The gate opened with a well oiled smoothness. He rumbled slowly down the gravel road. The wildness of the rural fields quickly gave way to manicured lawns and trim hedgerows. He saw the source of the lights, a dark building illuminated from below by dim spots on the floor. He drove along the side of the building, it’s featureless exterior gave nothing away except the suggestion of secrets within. It looked to be two stories high. His boss had said it was a government building. It looked like it.
He passed to the front of the building. A car park with two other cars faced away from the building, toward the fields and trees. He pulled alongside one of the other cars. Ahead of him was a large lake with some sort of modern art rising from the water, something like a metal rainbow. He reached into the back of the van to grab his toolkit, as turned back around he jumped in fright at the face at the window. The guard. He tried to calm his nerves and opened the door.
“This way, please. The power has been down for an hour, we’re running on the generator but we can’t stay like that for long. We have a huge investment in this building. You guys must have screwed something up.”
“Us? I doubt it. How come your running the lights if your on the generator?” he rolled his eyes at the guard.
“They’re solar powered.” The guard sneered. “Through here.” The guard led the way up some steps to the entrance hall. Great glass panels rose up for the full two stories. The glass must have been darkened as the inner room was difficult to make out. The guard slid a keycard through a lock and a smaller door clicked open as a tiny light flicked from red to green. He opened the door and walked in.
Inside, the room was barely illuminated. “Emergency lighting only, ” the guard said. “you’ll need a card. Over here, name please.” The guard walked over to a desk and grabbed something from a shelf underneath. “Stand on that spot please.” A second later a camera flashed overhead. The guard put the blank keycard into a machine and a second later it popped back. He held out the card.
“What is it you guys’ actually do here?”
“Nothing you would be interested in, so don’t ask. You just fix the power, OK?”
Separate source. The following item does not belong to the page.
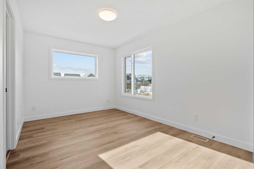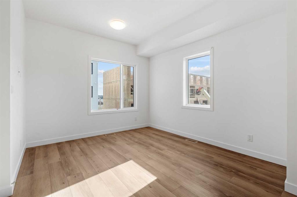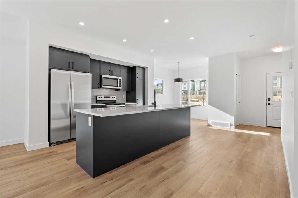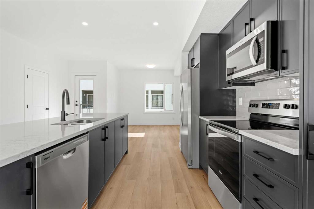 2 YEARS FREE CONDO FEES | NEW BUILD TOWNHOME | LOW CONDO FEES | 4 BED (3 UP, 1 DOWN) / 2.5 BATH / 1,327 SQ FT | ATTACHED GARAGE + DRIVEWAY | IMMEDIATE POSSESSION – Welcome to the Spruce 1 townhome by Minto Communities, an award-winning Canadian builder, located in Wildflower, proudly voted Best New Community in Canada. This vibrant, master-planned community in Airdrie is designed with lifestyle and connection in mind, offering a thoughtful mix of home styles in a neighbourhood built to grow with you. This brand-new townhome offers a spacious and functional layout ideal for families, professionals, or anyone looking for extra flexibility. The main floor features a modern kitchen positioned at the centre of the home, complete with a large island, stainless steel appliances, contemporary finishes, ample cabinetry, and storage. The dining area is located at the front of the home just off the foyer, creating an inviting space for everyday meals or entertaining. Toward the back of the home, the living room provides a comfortable retreat with direct access to a private balcony, perfect for enjoying fresh air. A convenient 2-piece bathroom completes this level. Upstairs, the primary bedroom offers a walk-in closet and private 3-piece ensuite. Two additional bedrooms, a full 4-piece bathroom, and discreet upper-floor laundry complete the upper level, providing excellent functionality for growing households or home office needs. The lower level features a fourth bedroom and direct access to the oversized single attached garage, offering versatility for guests, a home gym, or workspace. A full driveway provides additional parking, adding everyday convenience rarely found in townhome living. Residents of Wildflower enjoy exclusive access to The Hillside Hub, a standout amenity centre featuring Airdrie’s first outdoor pool, a hot tub, open-air sports court, and a variety of shared indoor and outdoor spaces designed for gathering, recreation, or quiet retreat. With nearby parks, pathways, amenities, and easy access to major routes, Wildflower delivers a truly well-rounded lifestyle. Combining award-winning community planning, modern design, low condo fees, and immediate possession, this is an outstanding opportunity to own a stylish new build townhome in one of Canada’s most celebrated communities. Don’t miss your chance to make Wildflower home! Book your visit today!

“OK. So…which way to the mains room?”
The guard walked back around the desk. “Over this way.” He led the way across the room. A wide metal staircase ran up one wall to a large mezzanine floor. In the gloom some desks were visible with the requisite office greenery. They walked past a set of glass doors which seemed to go nowhere. To the side a panel with a hand print icon glowed faintly blue.
“Lift ain’t working.” The guard nodded at the doors. He walked over to the far wall and pressed a hidden panel. A door sprang open revealing a staircase leading downward.
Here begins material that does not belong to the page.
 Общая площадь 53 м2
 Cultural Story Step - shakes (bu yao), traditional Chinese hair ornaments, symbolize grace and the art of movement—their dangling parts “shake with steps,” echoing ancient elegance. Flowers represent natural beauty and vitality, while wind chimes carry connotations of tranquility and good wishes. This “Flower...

“I gotta stay up here. Take the next 2 flights down and you’ll find the electrical room. The door is unlocked. Any problems you can shout at me down this. ” The guard handed a walkie talkie and turned on his heel.
“Thank you, too”
The guard stopped and turned around. He stared back for a few seconds before bursting into a toothy grin. “Sure, thank you,” he looked at the name card, “Gabriel.”
Gabriel looked back to the open door and the darkness beyond. He clipped the walkie talkie to his belt and fished around in his toolbox for a flashlight. He started forward, clicking the lamp on. The doorway opened onto a stairwell, bare brick was exposed and a sign on the wall demonstrated the emergency exit procedures. He flashed the light upward and saw nothing, the staircase didn’t go up any further. Downwards it led into darkness. He descended.
As he reached the next floor down he felt the temperature begin to rise. Another door sat just where the last one had been. There was a distinct hum of electricity inside, the dull pulsating throb was unmistakeable. He resisted the urge to open it, instead pulled at his shirt collar to get the air moving. There were probably cameras all about anyway. He listened to the hum and tried to imagine what secrets were held inside. The building was a long way outside of town, he had never visited before. His company, providing specialist electrical engineering services, had recently won the contract. A bead of sweat appeared on his brow as the walkie-talkie clicked quietly on his belt, bringing him out of his daydream. He took the next flight of stairs down and as he arrived at the bottom level the heat eased off slightly. Along a short corridor, a door stood open, inside he could see the dim lights of the mains room.
Inside he saw familiar instruments and the butterflies in his chest eased off slightly. He glanced at the wall and saw a digital display. He prodded a few buttons and read off the status. The system had just shut itself down. Probably a power spike. A simple reset outside and he would be off. The thought of a late beer back in town got him to business. He opened his toolbox and took out a screwdriver to remove an access panel. Nothing major. As he got to work, the walkie-talkie clicked again. This time though, a voice.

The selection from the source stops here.